The core analysis of this study is based on a simple regression (a statistical technique of estimating the relationship of one variable with another) of average daily infection rate against total reported cases per 1000 people, for 149 local authorities around the UK, on 8^th April 2020.

The analysis also tested whether characteristics of the locality are correlated (whether two sets of values have some statistical relationship) with infection rate, but none of them was found to be correlated. Only total reported case per 1000 people was seen to be correlated with infection rate, so the study used this correlation for all subsequent extrapolations. That is, they worked out the average daily infection rate using only the total reported number of cases per thousand population.

While we now understand a lot about COVID-19 transmission mechanisms on a small scale between individuals, transmission mechanisms and patterns at a population level are complex. Epidemiological modelling is a tool used to predict these patterns based on information we know, and scientists consider a broad range of factors that influence spread. A disease’s transmission depends on modelling many things, including the number of infected, susceptible, and recovered people, not at a single time point but changing over time. Also, the impact of any intervention such as a lockdown has to be considered. More complex models of transmission model the interactions as a network of people. However, this study does no such mathematical modelling.

This study is based on fitting a simple linear link between average daily infection rate and the total reported number of cases per thousand population. This is despite the fact that the fit is not very good, as can be seen from the figure above. This can be measured. In statistics, we look at the squared correlation value. In this case, it is only 22%, in other words, the analysis fails to explain more than 3/4^th of the variability in infection rate.

Yet, despite a simplistic model and a weak association, the paper implies causation from correlation. Epidemiological models explicitly represent a number of cases with mathematical formulae, which allow them to predict what might happen in various circumstances. A mere correlation between two variables at a single time instance should not be used for such predictions or forecasts. We should always remember that ‘correlation does not imply causation’ – just because two variables follow some pattern, it doesn’t mean that one necessarily causes the other.
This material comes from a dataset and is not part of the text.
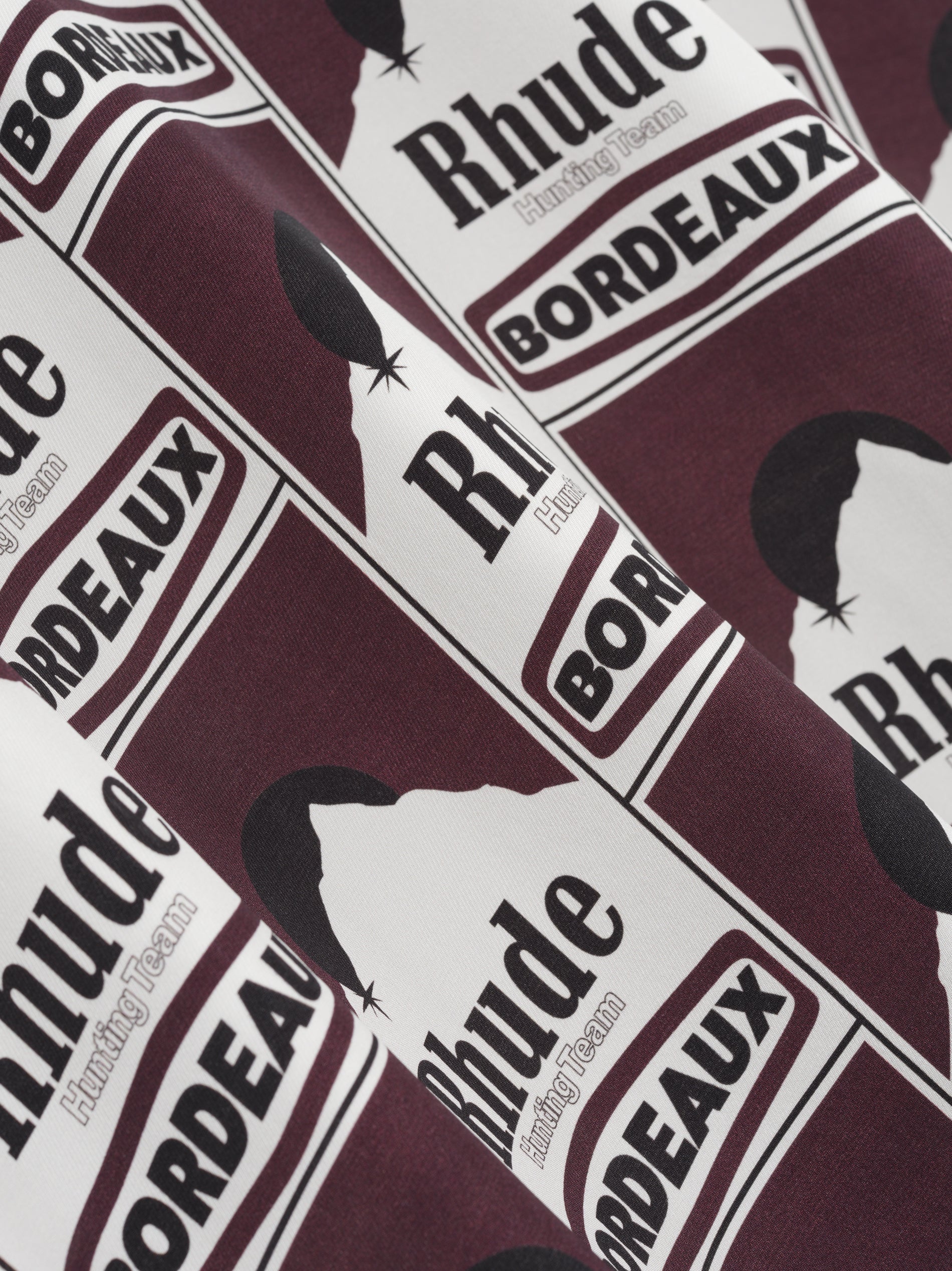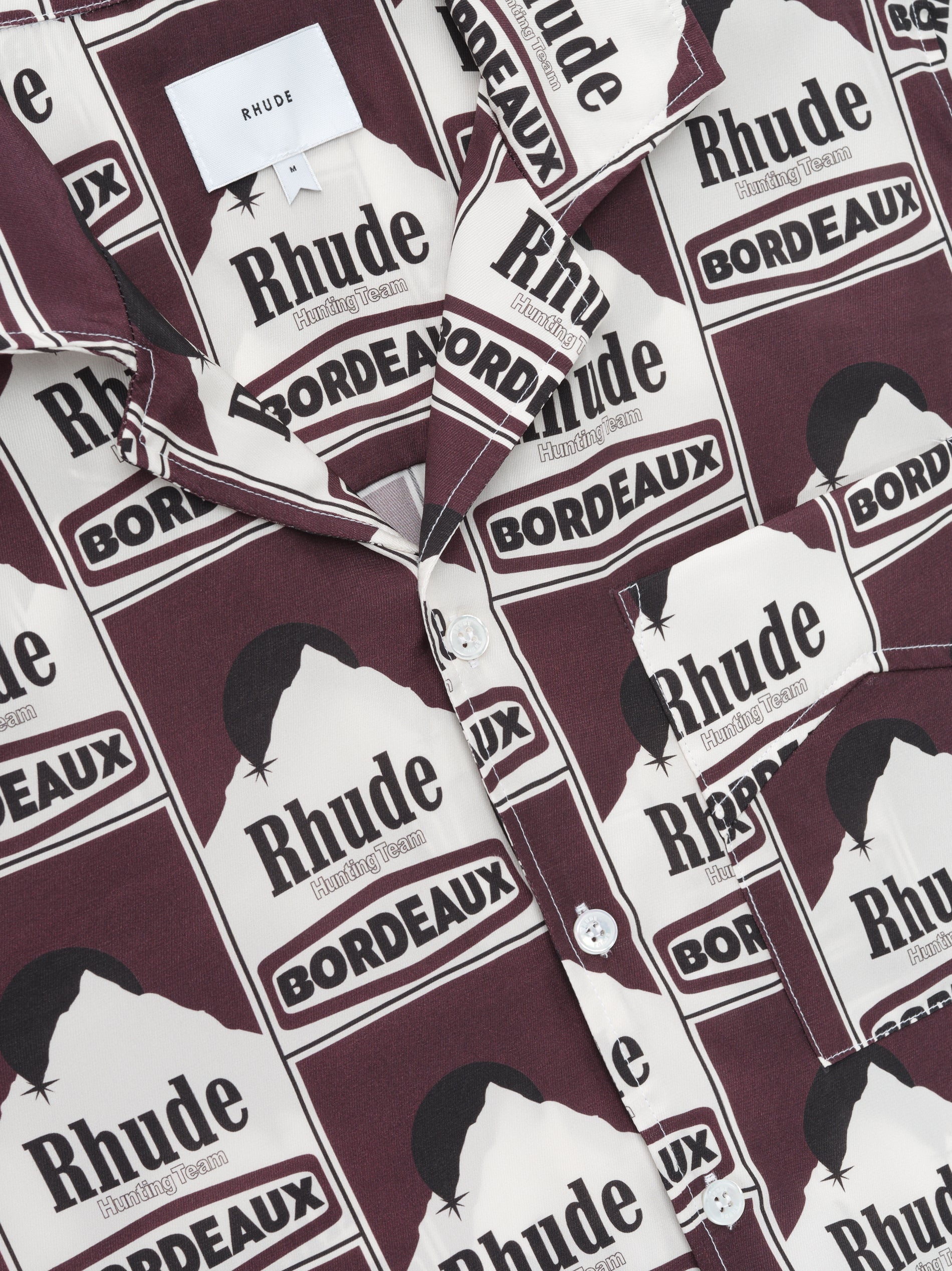 Classic button up shirt crafted from premium quality silk. Featuring a flat hem, custom button closures at front, and RHUDE bordeaux moonlight designs all over.

The study then makes two massive extrapolation steps. The first is to extrapolate (extend) the fitted line far towards the right of the figure, to calculate when the daily infection rate will equal to zero. This is calculated to be at 6.6 reported cases per 1000 people. This is the same as saying: at 8^th April, if all statistical assumptions were met, then a hypothetical local authority with 6.6 reported cases per 1000 people would be seen to have zero transmission in the community, on average.

Statisticians always urge caution against extrapolating trends far beyond data boundaries. You can see how unrealistic this extrapolation, and this modelling, is if you consider that when you go further beyond 6.6, then this model predicts, for example, that a local authority with 7 reported cases per 1000 people should have negative infection rate. What does a negative infection rate even mean in reality?
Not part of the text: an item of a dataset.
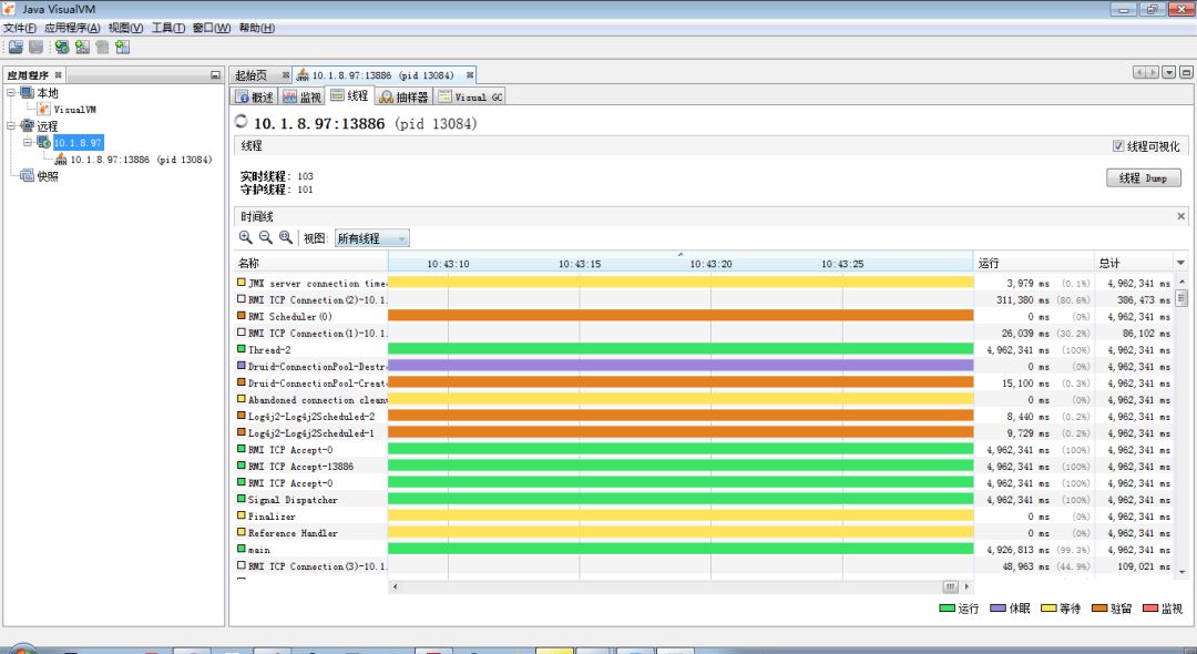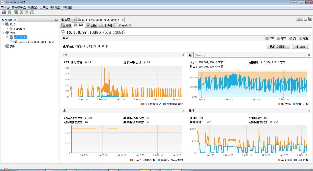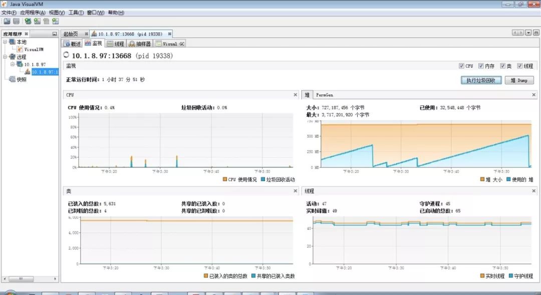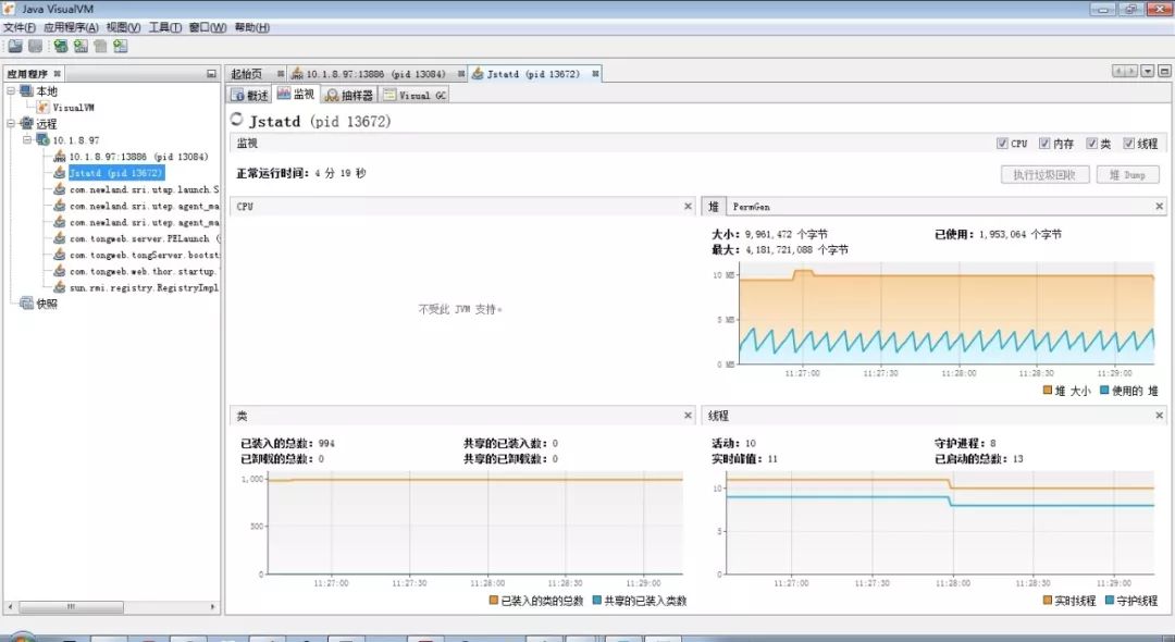 进入$JAVA_HOME/bin目录下启动VisualVM,,在VisualVM添加Jstatd服务器地址,就会自动连接成功,并获取服务器的CPU,内存,线程等信息。
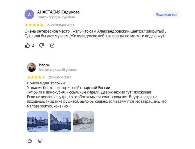 В настоящее время Александровский централ всё так же ждёт своего часа реставрации. А пока местные жители и гиды проводят частные экскурсии по селу, включая развалины некогда центральной тюрьмы. Судя по отзывам в Яндекс Картах, спрос у туриста есть, а будет ли предложение?

There has been a strong political push in many countries, including the UK and the USA, to ease the lockdown and "restart the economy".

Common sense dictates that such a situation would be very unlikely, as disease transmission is possible in any community where some people are infected and some people are susceptible. Here, the study makes the second huge extrapolation, to make such a situation possible. They argue that there would be no further infections if everyone is already infected in the community. Therefore, when 6.6 cases have been reported per 1000 people, all 1000 people are actually infected. Which means, for every reported case, 1000/6.6 = 151.5 people are actually infected.
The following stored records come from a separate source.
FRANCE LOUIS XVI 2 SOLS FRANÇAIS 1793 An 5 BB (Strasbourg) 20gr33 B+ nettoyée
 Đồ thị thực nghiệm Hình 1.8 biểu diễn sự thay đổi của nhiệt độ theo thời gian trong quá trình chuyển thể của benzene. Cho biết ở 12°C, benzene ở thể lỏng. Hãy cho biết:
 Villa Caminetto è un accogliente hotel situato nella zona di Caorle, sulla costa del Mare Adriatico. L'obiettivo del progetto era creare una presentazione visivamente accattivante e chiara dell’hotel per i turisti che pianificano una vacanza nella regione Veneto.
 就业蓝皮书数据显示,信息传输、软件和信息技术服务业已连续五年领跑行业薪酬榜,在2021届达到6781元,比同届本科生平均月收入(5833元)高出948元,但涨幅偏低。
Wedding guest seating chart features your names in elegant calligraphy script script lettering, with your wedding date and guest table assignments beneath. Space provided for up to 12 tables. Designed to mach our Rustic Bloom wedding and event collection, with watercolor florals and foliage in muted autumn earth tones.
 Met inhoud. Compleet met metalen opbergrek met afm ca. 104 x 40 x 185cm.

Not only are these massive and faulty jumps of reasoning, but they are also inappropriate analyses. The actual research question that this article studied is better described as, if we severely extrapolate our observed data for 8^th April, what should be the actual number of infections per reported case for a locality to have everyone infected and therefore zero transmission? Perhaps you can see that this is an inappropriate way to draw inference about the actual number of infections, as the study doesn’t have any data collected about it, so it is very ill-equipped to answer this question based on the data at hand.

Nonetheless, if we ignore a complete absence of epidemiological modelling, very simple statistical assumptions, and severe extrapolations, then the results of this study can be used to make further comments about the whole of the UK. The article explains that assuming the aforementioned factor of 151 is true, then 400,000 confirmed cases by 8^th April means 16.1 million people already infected.

But this number is also meaningless because it is the answer to the meaningless question – If I extrapolate from a model in which transmission has hypothetically stopped by 8^th April in a local authority because everyone is infected, then how many people in the entirety of UK are actually infected? When written this way, it is clear that the premise of the question and the aim of the question are rather unrelated, so it is inappropriate to try to draw conclusions in this way.

So, it is worrying to see that despite the article being substantially flawed, it is getting media coverage uncritically, and is being described as a ‘game-changer'.

There has been a strong political push in many countries, including the UK and the USA, to ease the lockdown and ‘restart the economy’. The UK started easing some restrictions on 13th May, and some states in the USA, as well as many countries in Europe, have started to lift restrictions as well. While the decision to lift a lockdown ultimately rests on political representatives, many different factors need to be considered, including medical, epidemiological, economic and others. Ideally, to be able to avoid an increase in infection and death when the lockdown is lifted, it is only safe to reopen when the daily number of cases has fallen to low, and extensive ‘test-trace-isolate’ is in place. However, neither of these were true for the UK, where more than 50,000 people have already died, and therefore some experts have been opposing any immediate easing of restrictions, in absence of any vaccines or widespread natural immunity.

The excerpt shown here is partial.